Bundesamt für Sicherheit in der Informationstechnik

M 5.124 Netzzugänge in Besprechungs-, Veranstaltungs- und Schulungsräumen

Verantwortlich für Initiierung: Leiter IT

Verantwortlich für Umsetzung: Administrator, Haustechnik

In Besprechungs-, Veranstaltungs- und Schulungsräumen sind einerseits häufig IT-Systeme wie Beamer oder Schulungsrechner fest installiert, andererseits werden dorthin auch mobile IT-Systeme wie Laptops häufig mitgebracht. Dabei ist oft auch gewünscht, dass diese IT-Systeme miteinander, mit dem Internet oder dem institutionsinternen Intranet vernetzt werden können.
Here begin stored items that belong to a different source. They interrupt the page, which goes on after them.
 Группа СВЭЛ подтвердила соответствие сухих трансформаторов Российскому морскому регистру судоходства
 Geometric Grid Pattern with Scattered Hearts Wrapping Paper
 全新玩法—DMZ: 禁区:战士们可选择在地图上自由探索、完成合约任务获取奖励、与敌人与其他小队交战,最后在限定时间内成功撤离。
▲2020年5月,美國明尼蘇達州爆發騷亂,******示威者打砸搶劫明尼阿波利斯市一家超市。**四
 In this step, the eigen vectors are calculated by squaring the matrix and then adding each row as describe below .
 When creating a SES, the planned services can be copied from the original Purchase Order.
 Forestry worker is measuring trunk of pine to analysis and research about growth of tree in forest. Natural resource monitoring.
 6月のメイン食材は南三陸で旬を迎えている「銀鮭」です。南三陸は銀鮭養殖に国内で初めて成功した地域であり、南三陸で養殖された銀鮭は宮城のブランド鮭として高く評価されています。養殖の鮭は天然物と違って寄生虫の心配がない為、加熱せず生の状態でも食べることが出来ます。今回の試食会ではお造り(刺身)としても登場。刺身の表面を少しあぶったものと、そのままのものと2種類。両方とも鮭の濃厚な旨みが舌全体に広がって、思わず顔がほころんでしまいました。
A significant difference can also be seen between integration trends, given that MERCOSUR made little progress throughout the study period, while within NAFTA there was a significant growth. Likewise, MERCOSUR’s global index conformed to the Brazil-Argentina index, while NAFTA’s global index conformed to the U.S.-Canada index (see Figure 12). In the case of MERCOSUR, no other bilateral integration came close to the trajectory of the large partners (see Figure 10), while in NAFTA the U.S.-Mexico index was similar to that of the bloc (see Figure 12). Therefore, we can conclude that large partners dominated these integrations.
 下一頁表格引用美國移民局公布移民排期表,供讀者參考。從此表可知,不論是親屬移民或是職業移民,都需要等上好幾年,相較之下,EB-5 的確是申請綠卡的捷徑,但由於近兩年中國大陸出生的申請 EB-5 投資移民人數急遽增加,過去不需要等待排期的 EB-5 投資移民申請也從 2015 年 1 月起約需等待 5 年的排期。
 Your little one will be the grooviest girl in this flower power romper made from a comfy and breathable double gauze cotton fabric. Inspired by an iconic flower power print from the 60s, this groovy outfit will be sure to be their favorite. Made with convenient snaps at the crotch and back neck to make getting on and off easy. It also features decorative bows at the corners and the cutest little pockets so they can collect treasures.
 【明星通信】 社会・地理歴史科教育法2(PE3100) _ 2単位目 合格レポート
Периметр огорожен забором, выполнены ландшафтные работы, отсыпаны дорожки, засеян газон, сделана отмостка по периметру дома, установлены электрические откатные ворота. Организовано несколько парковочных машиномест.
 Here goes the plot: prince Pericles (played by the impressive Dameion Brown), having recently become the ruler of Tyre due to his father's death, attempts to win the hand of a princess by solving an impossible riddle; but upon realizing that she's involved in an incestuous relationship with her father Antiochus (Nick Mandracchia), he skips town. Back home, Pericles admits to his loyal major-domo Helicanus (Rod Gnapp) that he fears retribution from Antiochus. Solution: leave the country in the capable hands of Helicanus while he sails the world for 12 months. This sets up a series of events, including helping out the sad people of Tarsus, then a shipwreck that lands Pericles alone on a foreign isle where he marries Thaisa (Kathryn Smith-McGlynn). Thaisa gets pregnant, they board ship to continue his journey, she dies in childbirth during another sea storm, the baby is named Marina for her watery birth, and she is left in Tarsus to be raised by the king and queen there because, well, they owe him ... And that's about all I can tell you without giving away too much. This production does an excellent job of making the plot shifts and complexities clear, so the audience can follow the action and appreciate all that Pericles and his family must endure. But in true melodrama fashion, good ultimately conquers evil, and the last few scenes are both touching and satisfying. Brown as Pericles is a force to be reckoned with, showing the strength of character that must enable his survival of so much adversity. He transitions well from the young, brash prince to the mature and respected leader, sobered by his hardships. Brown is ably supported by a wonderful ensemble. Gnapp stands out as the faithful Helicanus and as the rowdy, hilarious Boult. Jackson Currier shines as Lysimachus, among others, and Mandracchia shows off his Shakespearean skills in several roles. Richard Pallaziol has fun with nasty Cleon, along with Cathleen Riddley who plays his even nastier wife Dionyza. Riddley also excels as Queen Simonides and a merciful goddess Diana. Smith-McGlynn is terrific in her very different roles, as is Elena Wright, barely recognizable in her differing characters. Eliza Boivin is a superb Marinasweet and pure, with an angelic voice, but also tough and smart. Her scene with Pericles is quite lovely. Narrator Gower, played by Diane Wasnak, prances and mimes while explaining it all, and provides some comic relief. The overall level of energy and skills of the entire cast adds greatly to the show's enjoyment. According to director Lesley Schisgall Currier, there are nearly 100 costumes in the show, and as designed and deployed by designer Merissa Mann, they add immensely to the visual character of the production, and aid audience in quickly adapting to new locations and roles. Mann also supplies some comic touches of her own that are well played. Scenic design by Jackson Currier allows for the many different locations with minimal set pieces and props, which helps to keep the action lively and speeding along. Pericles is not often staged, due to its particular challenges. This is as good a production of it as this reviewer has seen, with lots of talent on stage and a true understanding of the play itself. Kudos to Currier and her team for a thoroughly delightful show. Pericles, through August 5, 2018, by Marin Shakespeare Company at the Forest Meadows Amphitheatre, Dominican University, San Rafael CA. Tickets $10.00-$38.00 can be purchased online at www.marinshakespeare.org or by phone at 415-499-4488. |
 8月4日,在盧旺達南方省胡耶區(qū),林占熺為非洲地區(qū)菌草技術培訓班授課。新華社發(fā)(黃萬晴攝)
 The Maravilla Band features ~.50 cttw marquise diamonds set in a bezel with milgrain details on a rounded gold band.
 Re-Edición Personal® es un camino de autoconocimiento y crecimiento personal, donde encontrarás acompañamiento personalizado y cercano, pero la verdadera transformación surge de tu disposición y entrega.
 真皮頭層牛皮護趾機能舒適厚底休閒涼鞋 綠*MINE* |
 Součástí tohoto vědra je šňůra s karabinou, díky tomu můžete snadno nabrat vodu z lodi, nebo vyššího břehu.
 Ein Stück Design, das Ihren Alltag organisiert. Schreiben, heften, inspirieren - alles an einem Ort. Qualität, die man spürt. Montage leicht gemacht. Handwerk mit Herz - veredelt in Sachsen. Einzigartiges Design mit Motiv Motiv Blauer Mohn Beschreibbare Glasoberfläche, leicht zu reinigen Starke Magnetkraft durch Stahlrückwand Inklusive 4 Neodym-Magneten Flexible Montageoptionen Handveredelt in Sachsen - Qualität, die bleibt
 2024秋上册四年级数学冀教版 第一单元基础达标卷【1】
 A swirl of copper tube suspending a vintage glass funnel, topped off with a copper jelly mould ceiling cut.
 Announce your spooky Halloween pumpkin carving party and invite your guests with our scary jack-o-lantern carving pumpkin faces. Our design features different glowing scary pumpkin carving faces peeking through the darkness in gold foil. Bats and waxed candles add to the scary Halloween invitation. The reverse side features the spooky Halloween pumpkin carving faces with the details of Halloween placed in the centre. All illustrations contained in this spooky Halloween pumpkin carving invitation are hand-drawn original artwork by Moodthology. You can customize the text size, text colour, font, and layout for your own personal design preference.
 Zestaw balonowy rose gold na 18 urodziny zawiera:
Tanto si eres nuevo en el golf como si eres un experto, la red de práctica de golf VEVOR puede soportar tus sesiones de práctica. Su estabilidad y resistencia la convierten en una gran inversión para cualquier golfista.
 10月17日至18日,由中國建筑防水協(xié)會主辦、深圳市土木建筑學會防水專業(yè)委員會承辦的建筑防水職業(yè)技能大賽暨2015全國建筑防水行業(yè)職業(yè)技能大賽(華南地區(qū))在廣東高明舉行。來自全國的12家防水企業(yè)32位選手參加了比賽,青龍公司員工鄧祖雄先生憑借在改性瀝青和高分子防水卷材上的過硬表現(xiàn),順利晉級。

Da fremde IT aber zunächst immer als nicht vertrauenswürdig betrachtet werden sollte, sollte eine unkontrollierte Anbindung von durch Besucher mitgebrachten IT-Systemen an interne LANs unterbunden werden. Es sollte auch möglichst keine direkte Kopplung von mitgebrachten und internen IT-Systemen stattfinden. Hierbei sind zumindest alle Sicherheitsmaßnahmen umzusetzen, die in Baustein B 5.2 Datenträgeraustausch beschrieben sind.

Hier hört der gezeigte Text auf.